For many street drinkers inadequate housing, poverty and poor mental health hover around the root causes of their drinking, and their resulting drunkenness denies them opportunities for help.

The starkest example of this vicious circle is the lack of access to housing services. Most street drinkers do not sleep on the streets; they are often overlooked by statutory housing services because they do have a roof over their head. In addition, housing offices, like many others, often refuse to deal with people who are drunk. As a result, they are forced to remain in poor, often temporary accommodation. As Sue Millman, chief executive of the Alcohol Recovery Project says: "People often drink on the streets because home is not a very nice place to be."

The day-to-day health needs of street drinkers are rarely addressed and even the most severe mental health problems can be masked by intoxication. Indeed, many street drinkers' only contact with primary health care is hospital A&E departments after a fall or boozing binge.
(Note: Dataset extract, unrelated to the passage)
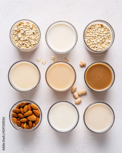 vegan, almond milk, healthy, organic, nourishment, glasses, creamy, wholesome, homemade, fresh, protein, smooth, vegetarian, wellness, sustainable, environmentally friendly, breakfast, minimalistic, modern, food photography, topview, natural, variety, selection, beverage, healthy lifestyle, balanced diet, isolated, white, set, ingredient, bowl

Housing, health and social services, mental health services, benefits advice and legal advice are all cut off from street drinkers. Only the police have regular contact, but many drinkers are suspicious. The Criminal Justice and Police Act 2000 which became law on 1 September this year, gave officers the power to confiscate drink from people in the streets and arrest anyone who does not move on after being requested to.

Homelessness charity Crisis is concerned that the new legislation will criminalise an already vulnerable group, stating: "It is fine telling people to move on, but where are they supposed to go?"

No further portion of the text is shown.